Bonheur aussi que l'Adèle de l'Irlandaise Sarah Shine qui ressemble à une vraie... Viennoise (quelque chose de la fraîcheur mutine d'une Romy Schneider); et la voix est ravissante, avec cependant toujours des problèmes de projection dans les ensembles. On aime aussi infiniment le Gabriel du Polonais Piotr Kumon, beau baryton élégant et dont la maladresse sert le personnage. Et aussi un autre Polonais, Maciej Kwasnikowski, Alfred séducteur sûr de lui, inconscient avec charme, et une vrai voix de ténor mozartien dont on rêve d'entendre l'Ottavio, le Ferrando, le Tamino surtout.
Un Orlofsky incertain et les précautions d'un chef
Très bien le Frank, directeur de la prison, de Tiago Matos, ou les membres du choeur Unikanti dont la Ida d'Albane Bocquillon. Je suis plus réservé sur le Falke d'Alexander York qui "surjoue" son personnage, parfois au détriment du chant; mais il a aussi de bons moments. En revanche l'Orlofsky de Jeanne Ireland m'a déçu. Elle a du mal à définir ce caractère de prince neurasthénique (et Pauthe ne l'y a pas aidé): le jeu est contraint, souvent imprécis et la voix parfois, alors qu'Ireland est une belle mezzo, manque d'assise et de projection.
Fayçal Karoui dirige son petit ensemble avec subtilité, mais parfois trop de lenteur; les airs élégiaques sont mieux menés que les entraînants, à l'exception du final chez Orlofsky, très vif, y compris dans la mise en scène. Les cordes ont des problèmes de coordination dans l'ouverture, elles se rattrapent ensuite mais on les sent cependant fragiles ce qui explique sans doute les précautions du chef!

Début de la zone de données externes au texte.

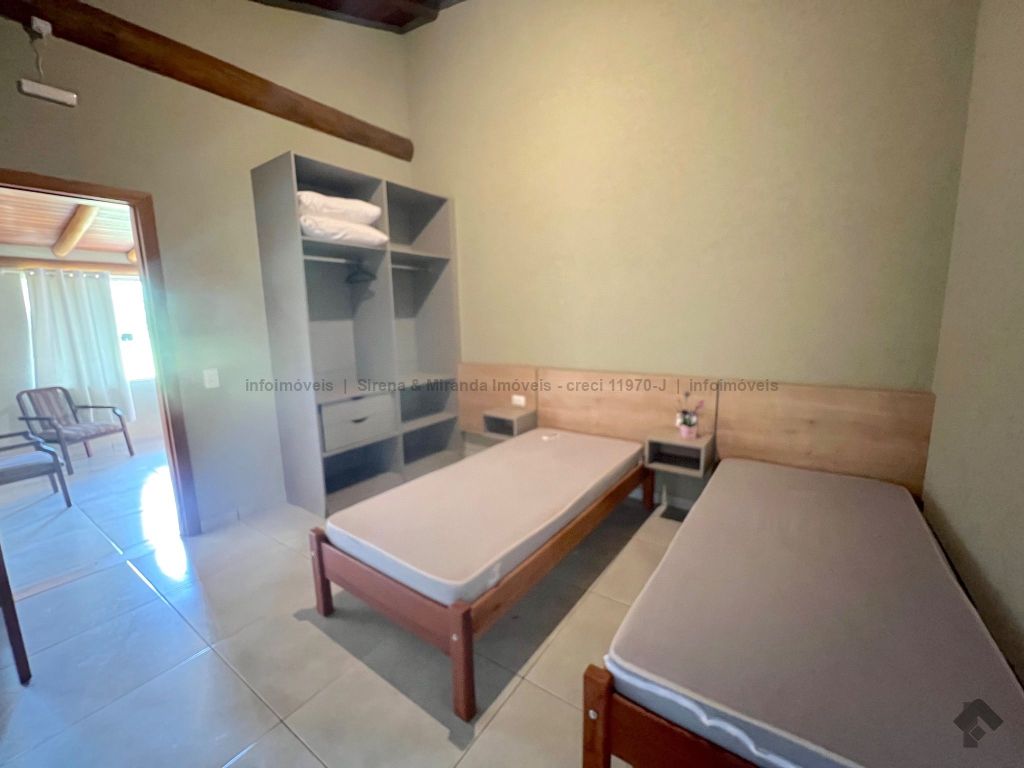 São sete quartos com 55 leitos, refeitório e auditório (completos) para acomodar e atender 100 pessoas, cozinha industrial, piscina adulto e infantil, estacionamento, casa de administração.

Les ombres de l'extrême-droite
Mais la musique exquise et la qualité de bien des chanteurs fait passer beaucoup de choses. Il n'empêche: on se souvient d'une mise en scène de Coline Serreau à Bastille où, brusquement, au milieu du bal Orlofsky, des banderoles formaient comme par inadvertance une croix gammée: bronca immédiate du public conservateur! C'était pourtant l'époque où l'on découvrait le passé nazi de l'ex-président autrichien Waldheim et Serreau, de mon point de vue, avait frappé fort et juste. Or, aujourd'hui que, de nouveau, l'Autriche est dirigée par l'extrême-droite, il y avait peut-être quelque chose à chercher dans cette direction-là pour Célie Pauthe, histoire de jouer son rôle de poil-à-gratter.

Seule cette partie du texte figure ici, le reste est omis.